The book’s no-frills approach in explaining Africa is reminiscent of Sanford Ungar’s “Africa: The People and Politics of an Emerging Continent,” which came out in 1978. Ungar, currently the Director of the Voice of America, is a former host of National Public Radio’s “All Things Considered” and dean of the School of Communication at American University. Both writers are short on colorful language but effective if one isn’t looking for a quick read. The advantage of this approach is that when they hit upon a particularly crucial topic, it gets the coverage it deserves.
The message that comes through in reading Press’s account is straightforward, yet his advice is often overlooked: Take time to really understand Africa. Americans, before they landed in Somalia, should have been educated to understand that this was a society steeped in tradition. Its community leaders, Press points out, were almost always men, and were held in respect by the people. Family and clan relationships were more highly valued than official titles. And this same society, comprised of individuals as diverse as desert nomads, entrepreneurs and scholars, rose up and kicked out General Barre. The despot, as a means of staying in power, had set one clan against the other. In other words, Barre tried to undo the important ethnic ties that actually held the country together and had dangerously politicized clan awareness.
When American troops went after Aideed, they suddenly lost their neutrality and appeared—to the warlord’s clan and allies—intent on preventing him from becoming the nation’s leader. This is when the mission took an especially dangerous turn. Also, Press contends that the search for peace was flawed. The United States and U.N. paid too much attention to Aideed and his main rival, Mohamed Ali Mahdi, the interim president. Other potential leaders, who might have helped to negotiate an agreement, were left out. All these points now seem particularly worth studying given how the Somalia experience inhibited action in Rwanda.
Whether the world is now ready to confront the next conflict that threatens to become another Rwanda remains to be seen. What was the lesson, this past May, from Sierra Leone? There, the Revolutionary United Front, a rebel group trying to seize power, held 500 ill-equipped U.N. peacekeepers hostage and stole their weapons, equipment and personnel carriers. What would have happened if Britain had not sent in troops?
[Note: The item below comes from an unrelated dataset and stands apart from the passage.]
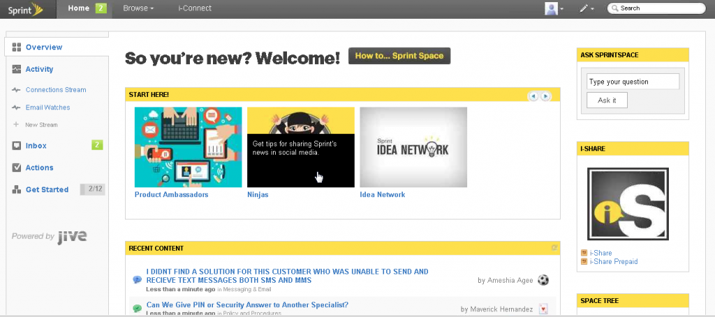 Equally important, Sprint’s platform supports ideation-collaboration based on the concept of crowdsourcing. Whenever they have an idea that could help improve the business, employees can submit their suggestions in the Idea Network space.
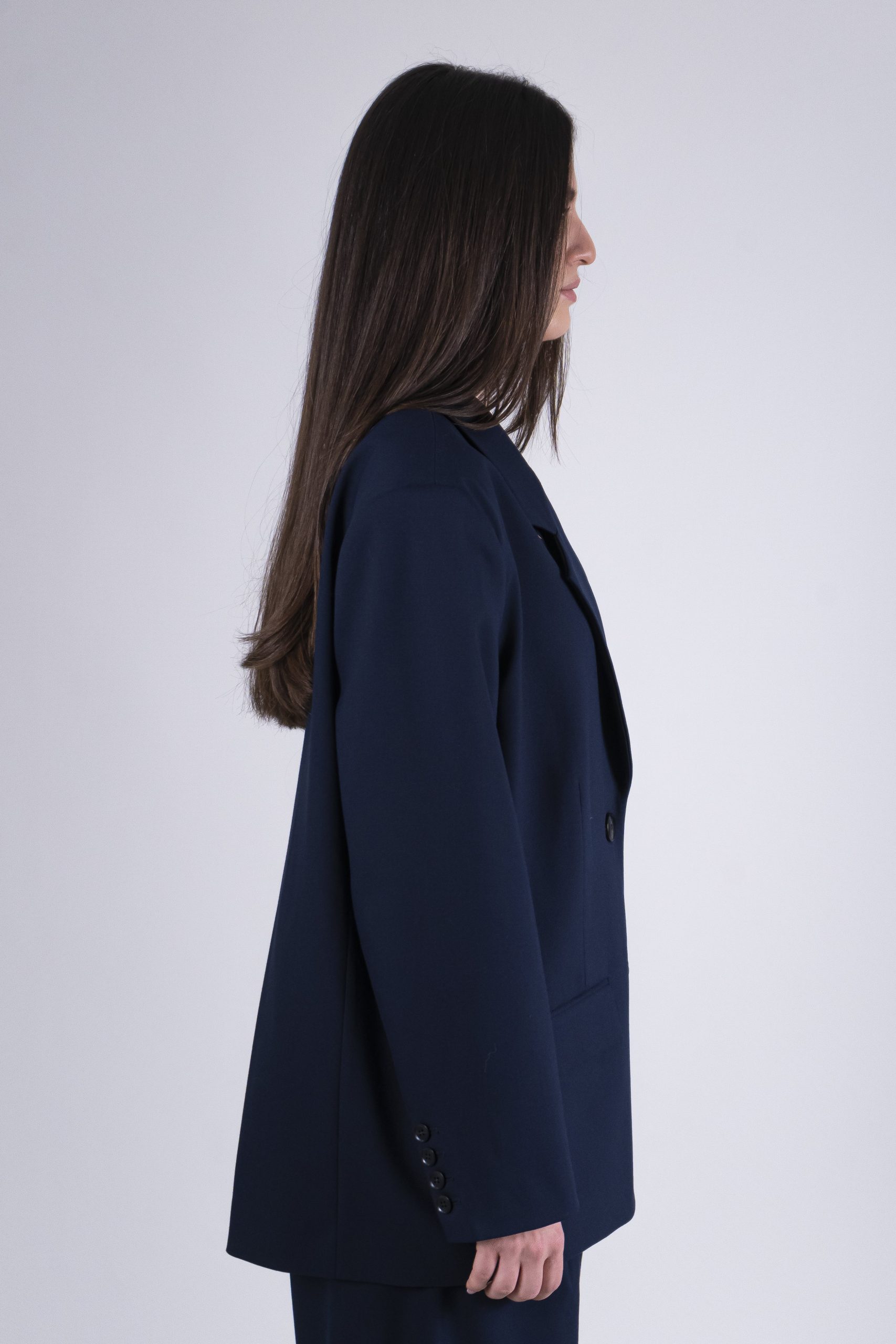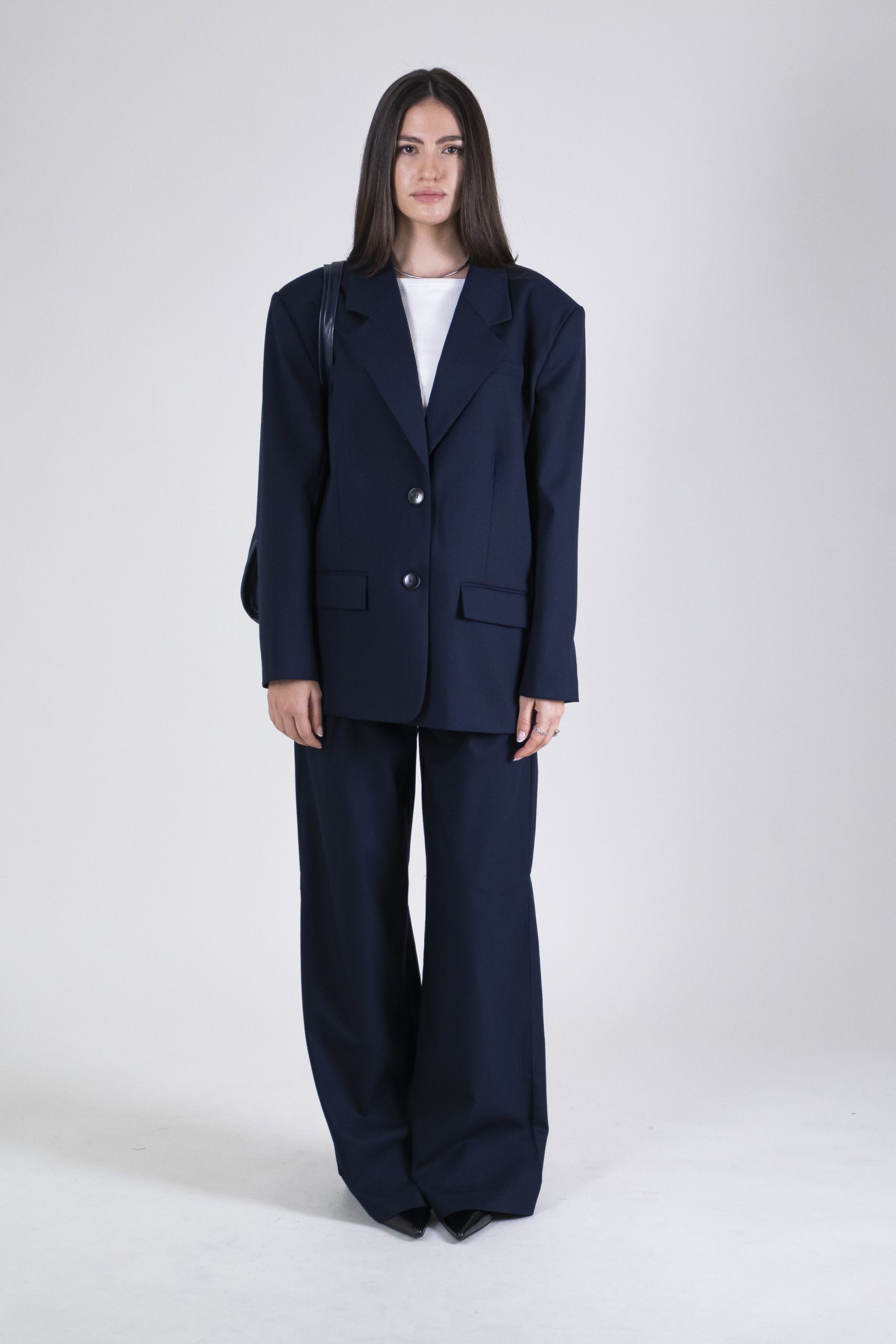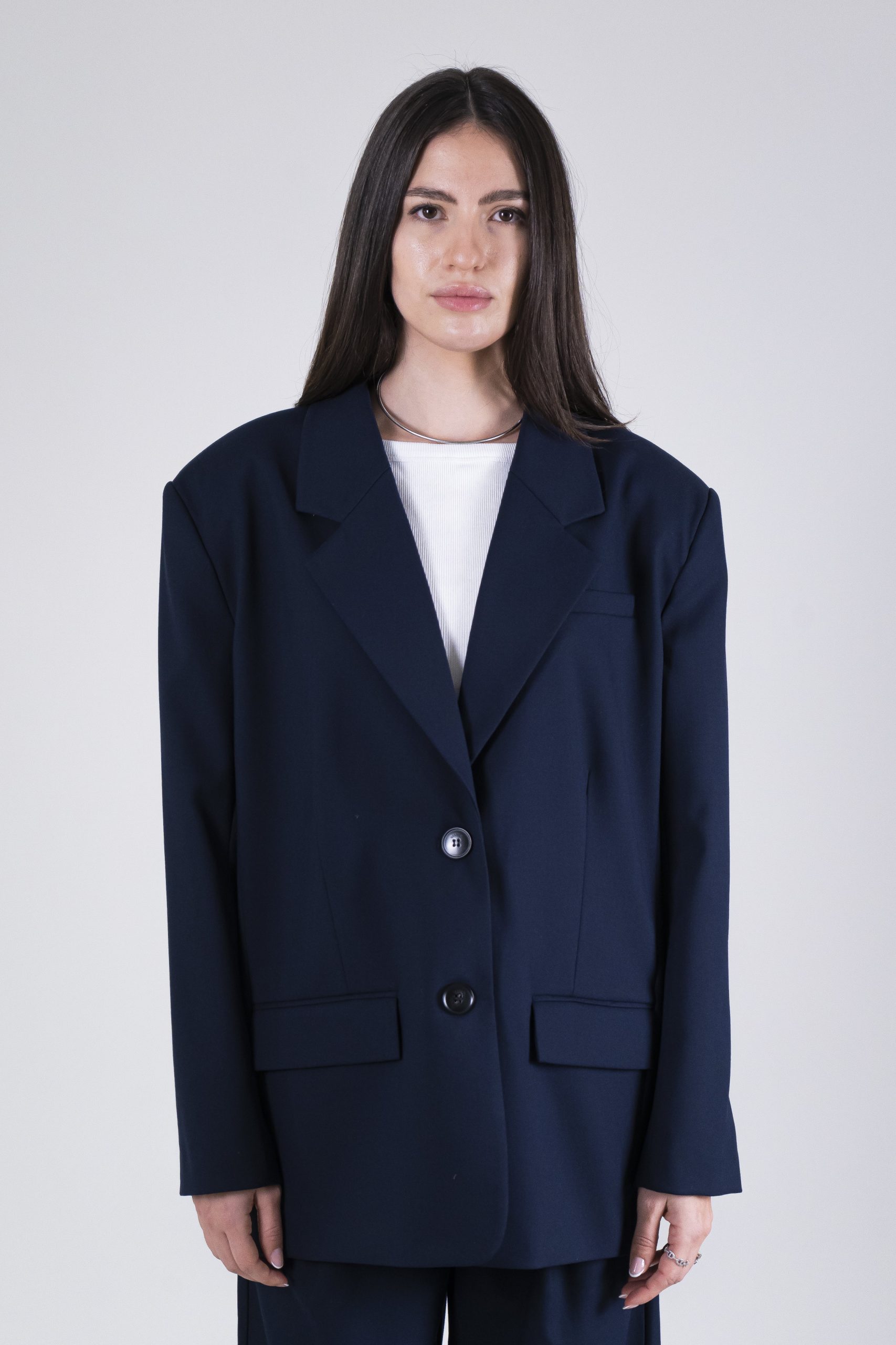 Blazer oversize con chiusura a due bottoni e revers. Il suo fit crea un look estremamente distintivo enfatizzando la figura. Realizzato nel colore di stagione “Blue Captain” per un dettaglio classico puรฒ essere abbinato al suo pantalone con pinces nello stesso tessuto e colore. 68% poliestere 30% viscosa 2% elastane

Is peacekeeping without any risk of losing lives realistic? What’s considered a fair expectation of America’s peacekeeping role as the world’s remaining superpower? Do partisan disputes in Congress over appropriating money to pay the U.N. to confront far-flung hot spots unintentionally embolden warmongers? These questions deserve continued debate in a dispassionate manner. Press’s book enriches the discussion.
Wilson Wanene, a Kenyan-born freelance journalist in Boston, has lived in the United States since 1978.